R you on birth control?
No, why?
...no reason
in the event that i am dead, my body is laying in the intersection of ... the pearl in springfield. it was my friend's 21st but i think i'm dead. wearing a black top. like i said, probably dead.
So after i got done, she went over and got out her gecko, I felt like I was in an X rated geiko commercial.
Sitting in class thinking wow im glad im not hungover...and then i realized im still drunk.
The guy at McDonald's just told us there is no flash photography allowed.
For a whole 2 minutes you were convinced you were talking to my voicemail
she has a fucking refrigerator full of four loko and is charging 15 dollars a can.... she is like a mini donald trump
Nicole, you can't keep coming over at 3am wanting to build igloos.
I'm on a no morals kick. That'll be 3 girls in 24 hours....ending 2011 with a bang
That is an awkward looking cockshot, not gonna lie
Thing I actually said tonight: "I want to achieve Ultimate level drunkenness, I'm only at Champion"
He said it wasn't ladylike of me to drink more whiskey than him. I told him to stop being a little bitch.
Positive reinforcement! I'm training him for being a good boy and coming over. He gets sex and cookies.
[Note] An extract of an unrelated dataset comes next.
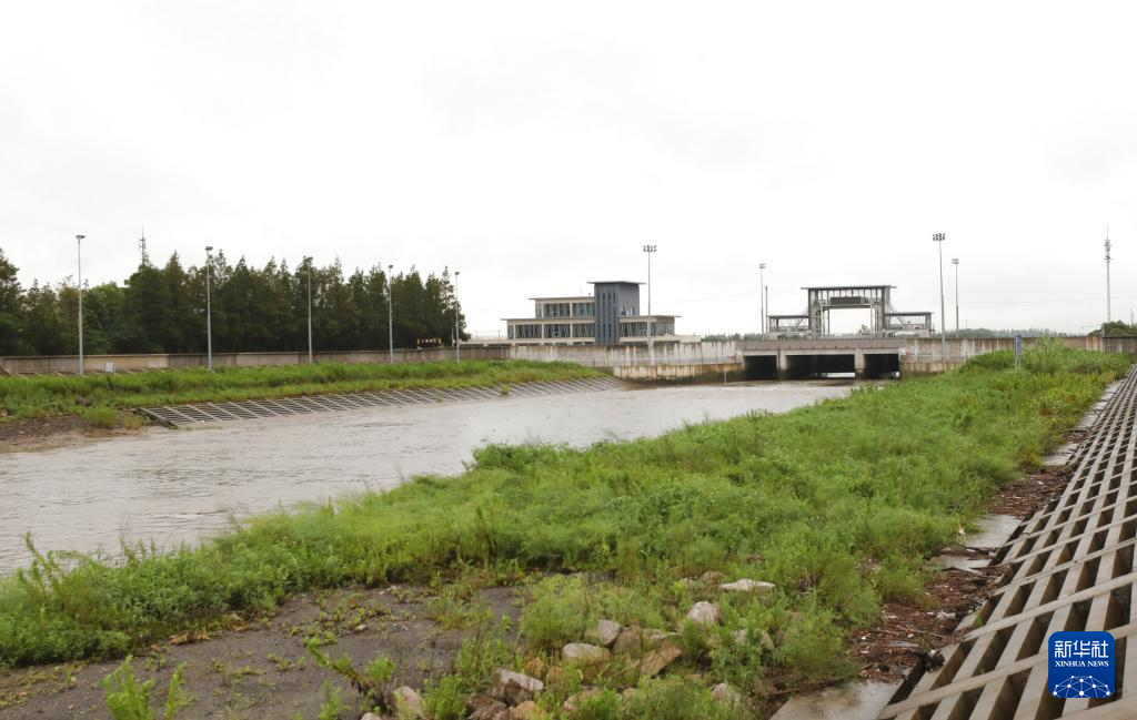 7月30日,上海奉贤区南门港水闸开闸放水,缓解城区排水压力。

he asked me where I was going to school, and then we started having sex, and I answered his question forty five minutes later after we were done. It was the chilliest thing ever.
Hey. You dropped and smashed your road beer in my store last night. Again. And this time you didn't even order anything. You just walked in, yelled "SWEDISH STYLE!" Then lost your beer, looked depressed, and left.